══ PROVIDED RECORDS ══

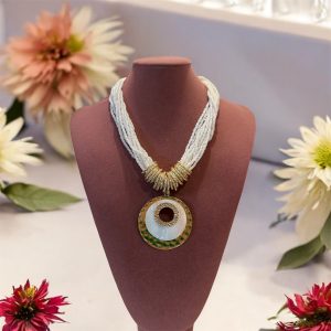 una pieza única que combina elegancia y modernidad. Su diseño de múltiples capas con delicadas cuentas en tonos azules crea un efecto luminoso y dinámico que no pasa desapercibido. Los sutiles detalles dorados aportan un contraste chic, mientras que su pieza central ovalada añade un acabado exclusivo y muy especial.
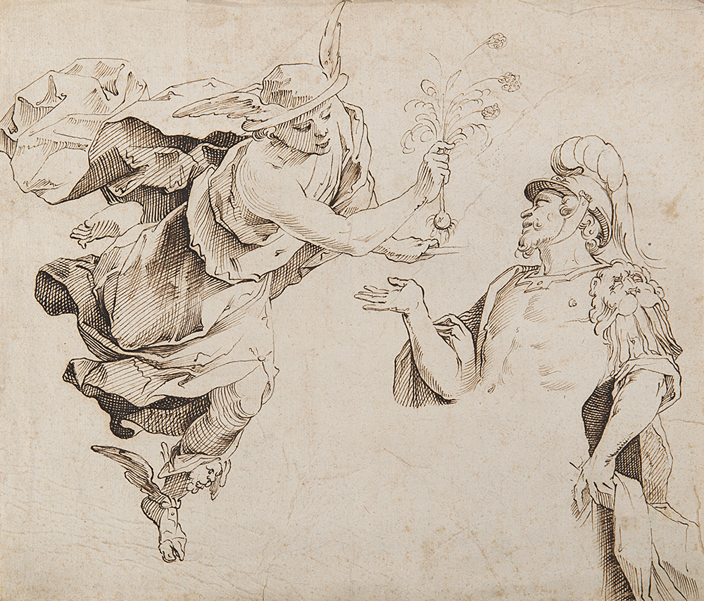 Artista del secolo XVIIMercurio dona a Odisseo l'erba MolyPenna e inchiostro...
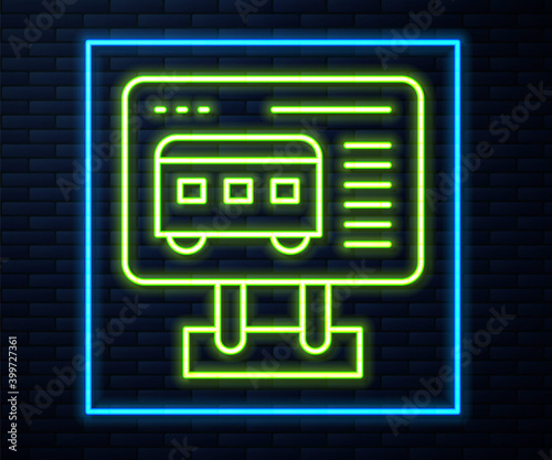 Glowing neon line Ticket office to buy tickets for train or plane icon isolated on brick wall background. Buying tickets. Ticket service. Vector.
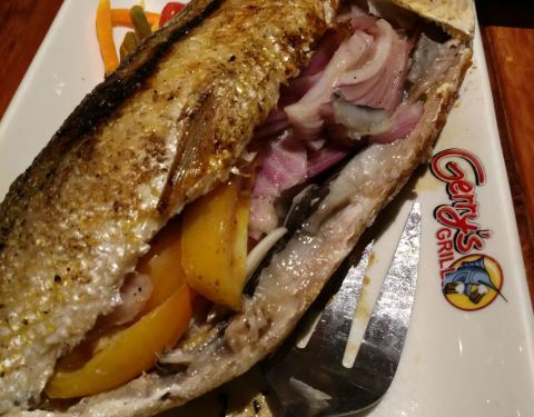 菲律宾长滩岛是一个以美食而吸引游客的海岛,长滩岛的沙滩分S1/S2/S3区域,每个区域内都能寻找到各式各样的美食,Gerry’s Grill位于S1区域,这家餐厅是具有当地特色的餐厅,在菲律宾有很多家分店,口碑很不错。...菲律宾长滩岛是一个以美食而吸引游客的海岛,长滩岛的沙滩分S1/S2/S3区域,每个区域内都能寻找到各式各样的美食,Gerry’s Grill位于S1区域,这家餐厅是具有当地特色的餐厅,在菲律宾有很多家分店,口碑很不错。长滩岛的分店有室内和室外区域,室外区域就是在沙滩上就餐, 吹着海风,听着海浪声,吃着美食,很悠闲,很舒适。如果室外没有空位,可以多等一会,关键这家店的性价比很高,我们点了一份色拉,一份烤鱿鱼,两份主食,吃的非常饱,加上服务费也就1200比索,人民币也就160-170元。深海鱼色拉是他们家的独创菜,所以我们点了一份,口感有点酸,鱼肉很软,入口即化,这份色拉的价钱也是很贵的,好像要300多比索,相信鱼肉的品种肯定很珍贵。烤鱿鱼是每位食客必点的一道菜,一条鱿鱼有500g,400多比索,量肯定是可以满足两个人的份的,最关键的是味道也不错,好像加了蜂蜜的感觉,有点甜味,再加上前面的色拉,很开胃。主食方面,起初我们不知道它的量,点了2份,一份海鲜炒饭,一份海鲜炒面,炒饭里面的饭可是相当惊人的。炒面不是传统的炒面,炒面里面的面是经过油炸的,更像是国内的两面黄,浇头淋在上面,口感很好。
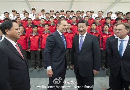 ????新華網(wǎng)北京11月18日電 據(jù)新華社“新國際”微博報道,藍天白云,景色宜人。習近平主席18日在澳大利亞塔斯馬尼亞州訪問時來到霍巴特港,在阿博特總理陪同下登上正在這里補給的“雪龍”號極地科考船,在甲板上和全體隊員合影,向大家問好。“這里離南極有多遠?”“走幾天?”合完影后,他佇立甲板,關切詢問有關情況。
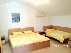 двухэтажная вилла, для размещения предлагается - 2 номера на первом и втором этажах. Перед входом в номер -терраса. Закрытая уютная территория, зеленый газон, фруктовый сад, свой паркинг, зонтики и лежаки -бесплатно, зона барбекю, детская площадка, интернет. Уборка номера и смена полотенец по желанию гостей.
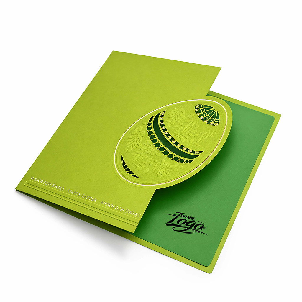 Wnętrze kartki utrzymane jest w spójnej, zielonej kolorystyce - zastosowano papier barwiony w masie w głębszym odcieniu zieleni, co zapewnia elegancki kontrast oraz doskonałą bazę pod nadruk indywidualnych życzeń i logotypu. Całość tworzy przemyślaną, konsekwentną wizualnie formę, która podkreśla profesjonalny charakter relacji biznesowych.

═══

WORK REQUIRED -
Pictures are not part of the copy. Restate everything else in the listing word for word.

EXERCISE SOLUTION -
 una pieza única que combina elegancia y modernidad. Su diseño de múltiples capas con delicadas cuentas en tonos azules crea un efecto luminoso y dinámico que no pasa desapercibido. Los sutiles detalles dorados aportan un contraste chic, mientras que su pieza central ovalada añade un acabado exclusivo y muy especial.
 Artista del secolo XVIIMercurio dona a Odisseo l'erba MolyPenna e inchiostro...
 Glowing neon line Ticket office to buy tickets for train or plane icon isolated on brick wall background. Buying tickets. Ticket service. Vector.
 菲律宾长滩岛是一个以美食而吸引游客的海岛,长滩岛的沙滩分S1/S2/S3区域,每个区域内都能寻找到各式各样的美食,Gerry’s Grill位于S1区域,这家餐厅是具有当地特色的餐厅,在菲律宾有很多家分店,口碑很不错。...菲律宾长滩岛是一个以美食而吸引游客的海岛,长滩岛的沙滩分S1/S2/S3区域,每个区域内都能寻找到各式各样的美食,Gerry’s Grill位于S1区域,这家餐厅是具有当地特色的餐厅,在菲律宾有很多家分店,口碑很不错。长滩岛的分店有室内和室外区域,室外区域就是在沙滩上就餐, 吹着海风,听着海浪声,吃着美食,很悠闲,很舒适。如果室外没有空位,可以多等一会,关键这家店的性价比很高,我们点了一份色拉,一份烤鱿鱼,两份主食,吃的非常饱,加上服务费也就1200比索,人民币也就160-170元。深海鱼色拉是他们家的独创菜,所以我们点了一份,口感有点酸,鱼肉很软,入口即化,这份色拉的价钱也是很贵的,好像要300多比索,相信鱼肉的品种肯定很珍贵。烤鱿鱼是每位食客必点的一道菜,一条鱿鱼有500g,400多比索,量肯定是可以满足两个人的份的,最关键的是味道也不错,好像加了蜂蜜的感觉,有点甜味,再加上前面的色拉,很开胃。主食方面,起初我们不知道它的量,点了2份,一份海鲜炒饭,一份海鲜炒面,炒饭里面的饭可是相当惊人的。炒面不是传统的炒面,炒面里面的面是经过油炸的,更像是国内的两面黄,浇头淋在上面,口感很好。
 ????新華網(wǎng)北京11月18日電 據(jù)新華社“新國際”微博報道,藍天白云,景色宜人。習近平主席18日在澳大利亞塔斯馬尼亞州訪問時來到霍巴特港,在阿博特總理陪同下登上正在這里補給的“雪龍”號極地科考船,在甲板上和全體隊員合影,向大家問好。“這里離南極有多遠?”“走幾天?”合完影后,他佇立甲板,關切詢問有關情況。
 двухэтажная вилла, для размещения предлагается - 2 номера на первом и втором этажах. Перед входом в номер -терраса. Закрытая уютная территория, зеленый газон, фруктовый сад, свой паркинг, зонтики и лежаки -бесплатно, зона барбекю, детская площадка, интернет. Уборка номера и смена полотенец по желанию гостей.
 Wnętrze kartki utrzymane jest w spójnej, zielonej kolorystyce - zastosowano papier barwiony w masie w głębszym odcieniu zieleni, co zapewnia elegancki kontrast oraz doskonałą bazę pod nadruk indywidualnych życzeń i logotypu. Całość tworzy przemyślaną, konsekwentną wizualnie formę, która podkreśla profesjonalny charakter relacji biznesowych.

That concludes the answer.